# Intro and assistance with Faema S1 Carisma



## 2 a Day (Jul 29, 2020)

Good afternoon to all,

I recently moved to the UK, from SA, and was appalled by the lack of good coffee shops. There are 2-3 in Cambridge that are worth a mention, but for the most part - disappointing. I therefore decided to buy a second hand Carisma and go on a short barista course. I have a few close friends that are roasters, back in SA, so have always been close to the coffee culture. It was not until i bought my own machine, almost a year ago, that i realised how many variables there are in producing 'Nirvana'. I restrict myself to a maximum of 3 shots per day, and have only recently started venturing onto other roasts. I figured that i should at least try to consistently deliver a great expresso, 9/10 times before changing to another bean.

The Carisma has been a great machine, in my opinion though, it could do with a larger boiler. I find that steam power for micro frothing could be found wanting if temperature is turned down a degree or two.
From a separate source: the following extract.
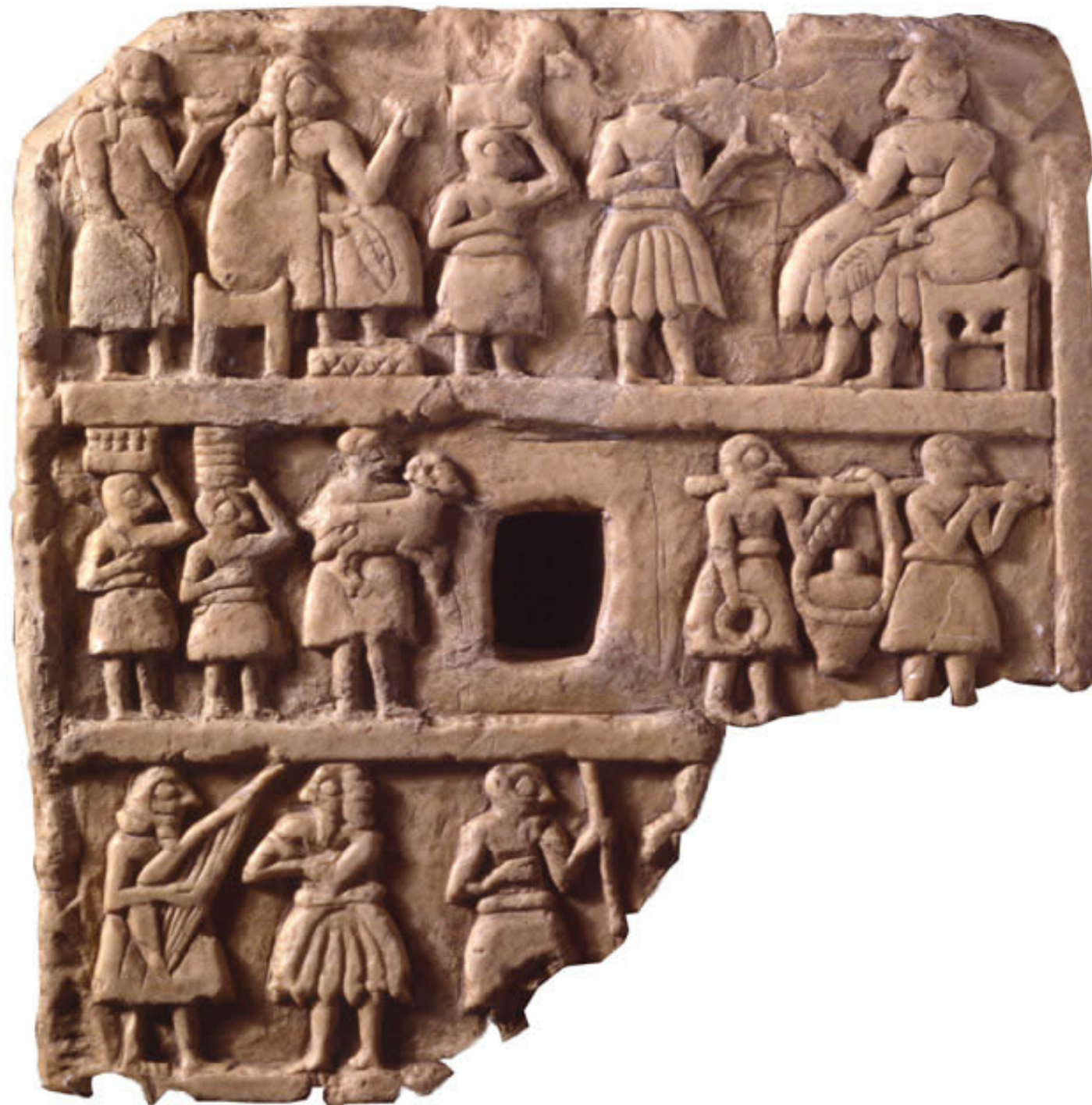
Hostina, Khafajah, chrám boha Sína, počátek 3. tis. BC

I've also come across a thermometer that one could add to the E61 head to ensure your group head temperature is spot on - a bit steep at £60, but i think to could be a worthy addition.

I've started having minor issues with the machine (Leaks) here and there and noticed that there's scale build up. I am convinced that the boiler needs to be cleaned. I approached a repairer down the road who wants to charge me £400 to service the boiler...... I see this as a great opportunity for me to get to know the machine and it's inner workings. Can anyone please recommend where i can get gasket sets and an anti-vac valve along with a few hoses and plastic y joints (brittle)?

I've tried a crowd in Hatfield, Mulmar, but after numerous messages and e-mail, i don't seem to be getting any response.

Regards

C


----------